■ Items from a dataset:
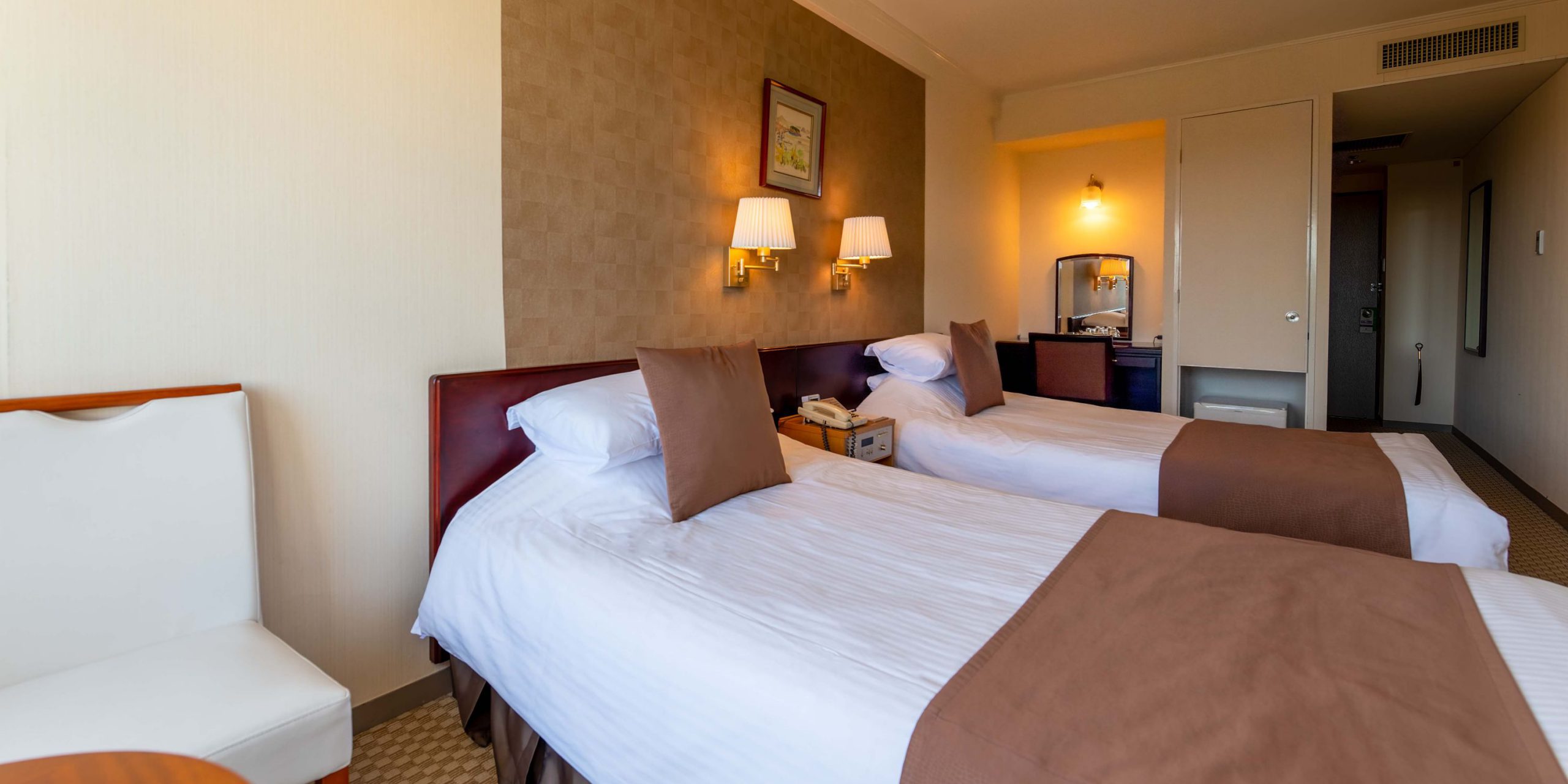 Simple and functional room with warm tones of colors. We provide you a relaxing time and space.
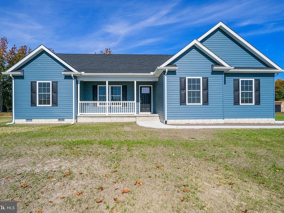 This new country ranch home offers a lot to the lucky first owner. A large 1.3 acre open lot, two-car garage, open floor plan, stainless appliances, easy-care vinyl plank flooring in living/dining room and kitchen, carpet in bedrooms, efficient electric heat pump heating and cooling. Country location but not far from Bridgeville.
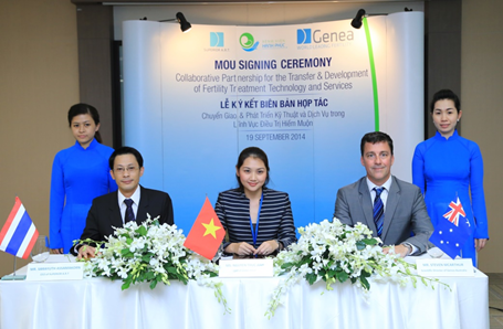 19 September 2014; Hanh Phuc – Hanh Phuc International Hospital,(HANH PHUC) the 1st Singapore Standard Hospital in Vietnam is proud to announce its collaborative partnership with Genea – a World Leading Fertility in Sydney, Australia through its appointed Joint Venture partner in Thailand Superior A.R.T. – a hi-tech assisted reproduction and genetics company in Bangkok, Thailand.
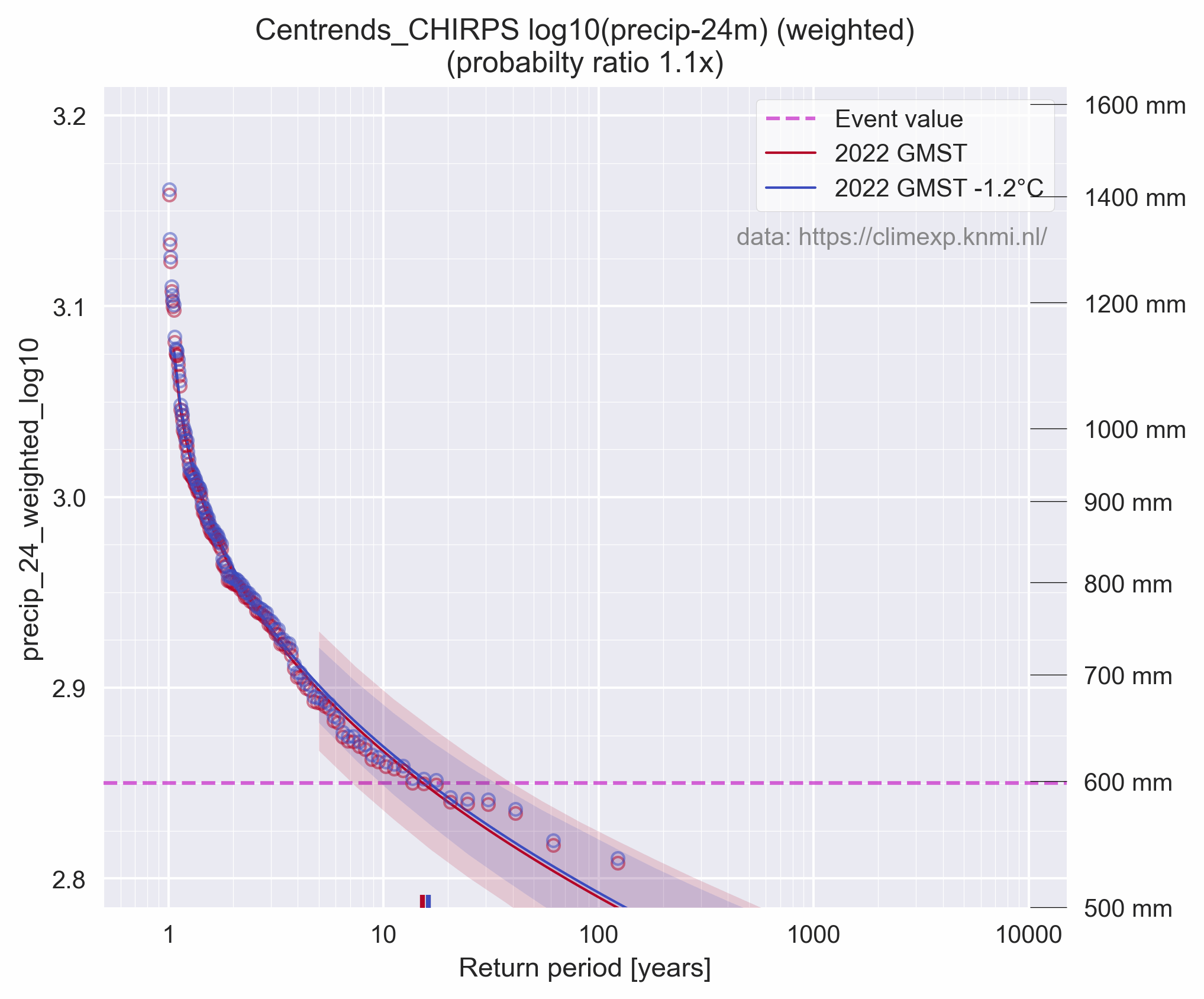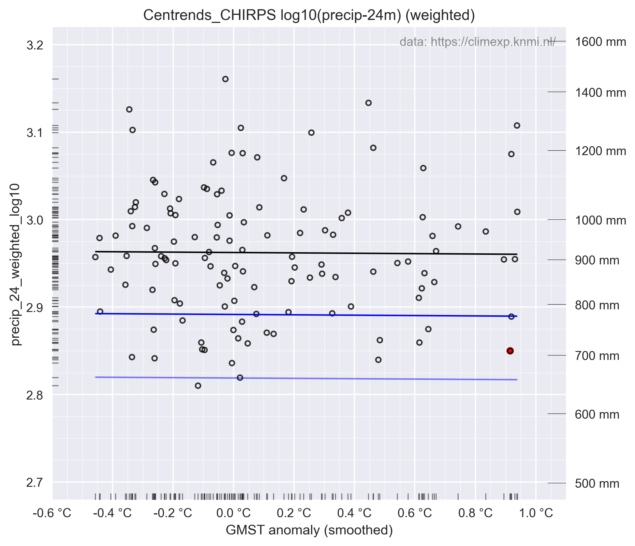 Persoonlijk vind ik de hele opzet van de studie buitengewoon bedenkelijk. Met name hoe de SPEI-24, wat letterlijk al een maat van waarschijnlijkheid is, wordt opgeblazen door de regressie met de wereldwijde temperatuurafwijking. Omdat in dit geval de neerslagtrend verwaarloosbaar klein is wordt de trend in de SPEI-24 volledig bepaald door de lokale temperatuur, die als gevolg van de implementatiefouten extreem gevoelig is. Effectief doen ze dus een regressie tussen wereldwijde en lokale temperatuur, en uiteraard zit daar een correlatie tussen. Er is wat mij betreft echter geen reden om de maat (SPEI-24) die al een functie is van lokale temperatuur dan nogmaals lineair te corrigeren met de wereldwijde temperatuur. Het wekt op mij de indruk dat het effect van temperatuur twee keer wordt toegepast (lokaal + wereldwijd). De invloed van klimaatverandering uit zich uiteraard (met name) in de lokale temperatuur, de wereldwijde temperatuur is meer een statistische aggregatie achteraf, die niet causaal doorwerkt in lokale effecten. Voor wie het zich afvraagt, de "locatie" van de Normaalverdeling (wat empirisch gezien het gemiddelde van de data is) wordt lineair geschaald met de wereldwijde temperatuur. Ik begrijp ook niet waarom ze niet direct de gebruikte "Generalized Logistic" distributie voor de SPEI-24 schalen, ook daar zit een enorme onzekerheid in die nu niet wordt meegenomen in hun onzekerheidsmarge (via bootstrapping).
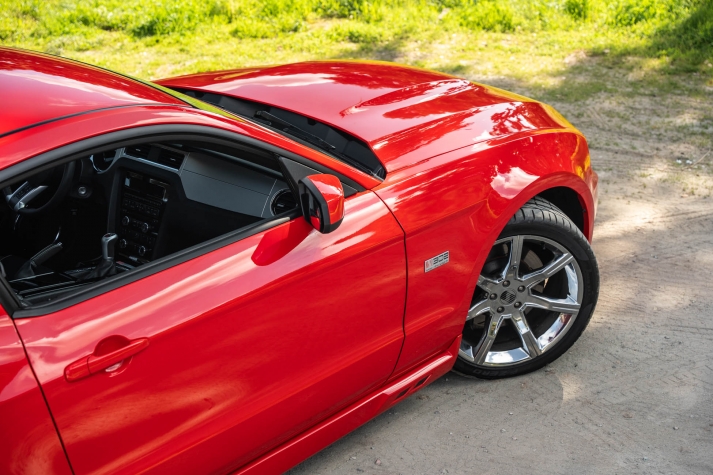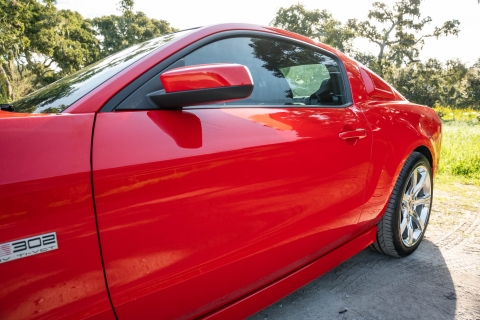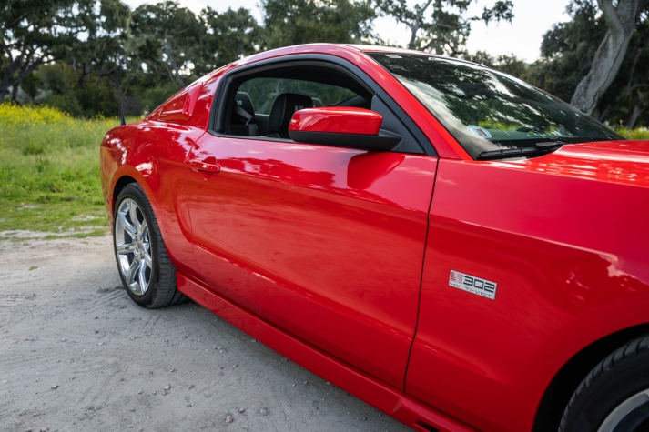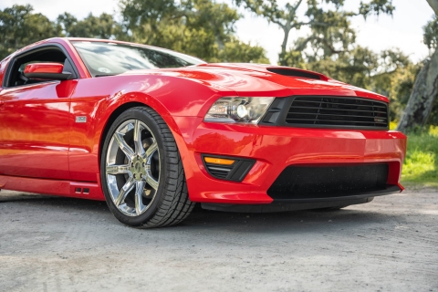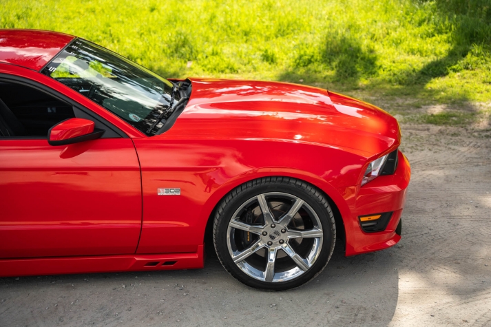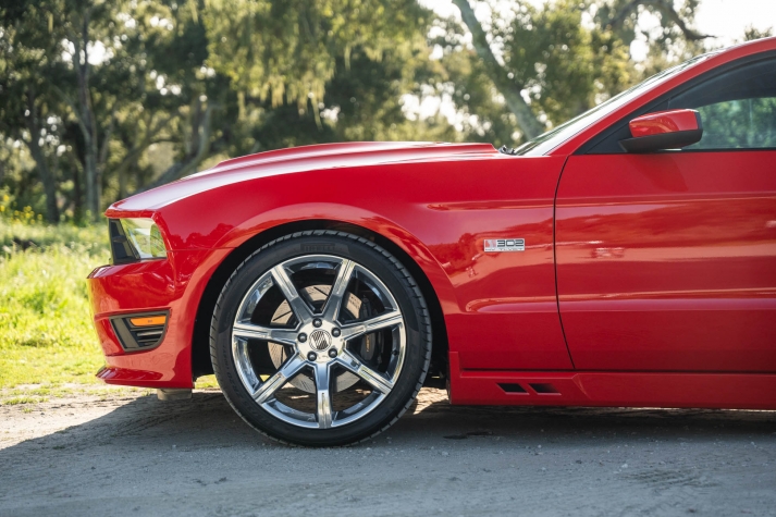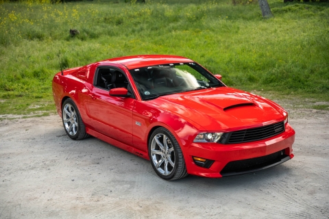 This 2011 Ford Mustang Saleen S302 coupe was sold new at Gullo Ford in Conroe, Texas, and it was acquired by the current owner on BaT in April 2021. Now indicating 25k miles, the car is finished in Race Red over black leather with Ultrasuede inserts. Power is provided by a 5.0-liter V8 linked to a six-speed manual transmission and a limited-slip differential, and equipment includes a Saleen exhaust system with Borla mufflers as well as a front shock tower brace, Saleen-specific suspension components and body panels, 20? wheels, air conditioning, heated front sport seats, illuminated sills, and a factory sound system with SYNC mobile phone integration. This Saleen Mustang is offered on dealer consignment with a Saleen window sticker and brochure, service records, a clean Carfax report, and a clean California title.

■ Problem statement:
Excluding the pictures, restate the records above word for word.

■ Response to this exercise:
 Simple and functional room with warm tones of colors. We provide you a relaxing time and space.
 This new country ranch home offers a lot to the lucky first owner. A large 1.3 acre open lot, two-car garage, open floor plan, stainless appliances, easy-care vinyl plank flooring in living/dining room and kitchen, carpet in bedrooms, efficient electric heat pump heating and cooling. Country location but not far from Bridgeville.
 19 September 2014; Hanh Phuc – Hanh Phuc International Hospital,(HANH PHUC) the 1st Singapore Standard Hospital in Vietnam is proud to announce its collaborative partnership with Genea – a World Leading Fertility in Sydney, Australia through its appointed Joint Venture partner in Thailand Superior A.R.T. – a hi-tech assisted reproduction and genetics company in Bangkok, Thailand.
 Persoonlijk vind ik de hele opzet van de studie buitengewoon bedenkelijk. Met name hoe de SPEI-24, wat letterlijk al een maat van waarschijnlijkheid is, wordt opgeblazen door de regressie met de wereldwijde temperatuurafwijking. Omdat in dit geval de neerslagtrend verwaarloosbaar klein is wordt de trend in de SPEI-24 volledig bepaald door de lokale temperatuur, die als gevolg van de implementatiefouten extreem gevoelig is. Effectief doen ze dus een regressie tussen wereldwijde en lokale temperatuur, en uiteraard zit daar een correlatie tussen. Er is wat mij betreft echter geen reden om de maat (SPEI-24) die al een functie is van lokale temperatuur dan nogmaals lineair te corrigeren met de wereldwijde temperatuur. Het wekt op mij de indruk dat het effect van temperatuur twee keer wordt toegepast (lokaal + wereldwijd). De invloed van klimaatverandering uit zich uiteraard (met name) in de lokale temperatuur, de wereldwijde temperatuur is meer een statistische aggregatie achteraf, die niet causaal doorwerkt in lokale effecten. Voor wie het zich afvraagt, de "locatie" van de Normaalverdeling (wat empirisch gezien het gemiddelde van de data is) wordt lineair geschaald met de wereldwijde temperatuur. Ik begrijp ook niet waarom ze niet direct de gebruikte "Generalized Logistic" distributie voor de SPEI-24 schalen, ook daar zit een enorme onzekerheid in die nu niet wordt meegenomen in hun onzekerheidsmarge (via bootstrapping).
 This 2011 Ford Mustang Saleen S302 coupe was sold new at Gullo Ford in Conroe, Texas, and it was acquired by the current owner on BaT in April 2021. Now indicating 25k miles, the car is finished in Race Red over black leather with Ultrasuede inserts. Power is provided by a 5.0-liter V8 linked to a six-speed manual transmission and a limited-slip differential, and equipment includes a Saleen exhaust system with Borla mufflers as well as a front shock tower brace, Saleen-specific suspension components and body panels, 20? wheels, air conditioning, heated front sport seats, illuminated sills, and a factory sound system with SYNC mobile phone integration. This Saleen Mustang is offered on dealer consignment with a Saleen window sticker and brochure, service records, a clean Carfax report, and a clean California title.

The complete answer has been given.